Copy word for word the lines of the records below, beginning at the one with "Im Dachgeschoss stehen" and finishing at the one with "Lange Ärmeln losen", ends included, but none of the pictures.
Segment Start: Data for analysis
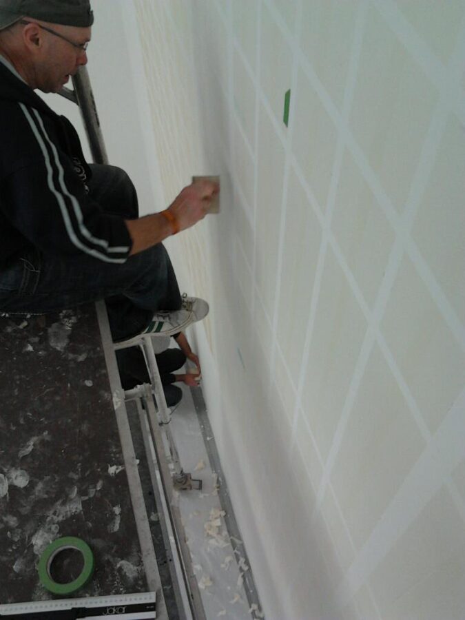 The walls were out. They looked like plaster but were actually MDF constructed erected on alloy frames. They dipped and buckled causing the horizontal layout to float and liquefy almost across the uneven surface. Our first mark-out had wanders of up to 4mm.
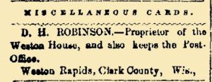 Crosse to Weston’s Rapids, two miles north of Neillsville,
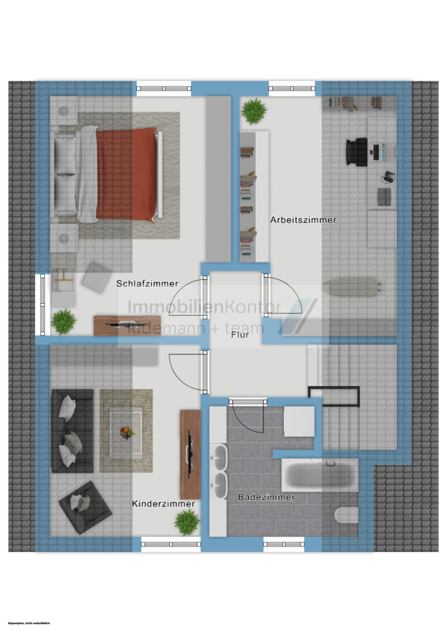 Im Dachgeschoss stehen Ihnen drei flexibel nutzbare Zimmer zur Verfügung, die sich ideal als Schlaf-, Kinder-, Arbeits- oder Gästezimmer eignen. Das helle Badezimmer ist mit einer Duschbadewanne sowie zwei Waschbecken ausgestattet. Zusätzlich befindet sich hier ein Waschmaschinenanschluss, der den Alltag komfortabel gestaltet. Überwiegend sind die Fenster mit Außenrollläden ausgestattet.
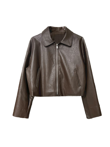 Lange Ärmeln losen Solid Color Reißverschluss -Lappelkragen und -mäntel Außenbekleidung
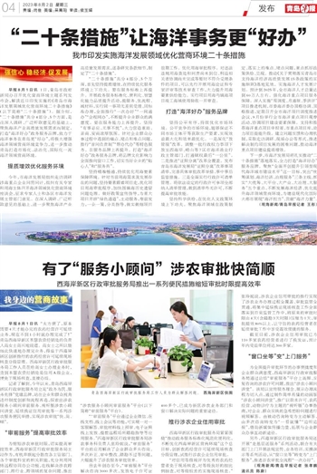 记者了解到,今年以来,青岛西海岸新区行政审批服务局立足“政务为民、服务先锋”党建品牌,站在企业和群众视角进行制度创新和流程再造,探索出涉农服务小顾问审前服务、视听版涉农小顾问讲堂、延续换证信用审批等一系列涉农服务便民举措,实现涉农审批“快、简、顺”。
Segment End: Data for analysis
[Answer for this exercise]:
 Im Dachgeschoss stehen Ihnen drei flexibel nutzbare Zimmer zur Verfügung, die sich ideal als Schlaf-, Kinder-, Arbeits- oder Gästezimmer eignen. Das helle Badezimmer ist mit einer Duschbadewanne sowie zwei Waschbecken ausgestattet. Zusätzlich befindet sich hier ein Waschmaschinenanschluss, der den Alltag komfortabel gestaltet. Überwiegend sind die Fenster mit Außenrollläden ausgestattet.
 Lange Ärmeln losen Solid Color Reißverschluss -Lappelkragen und -mäntel Außenbekleidung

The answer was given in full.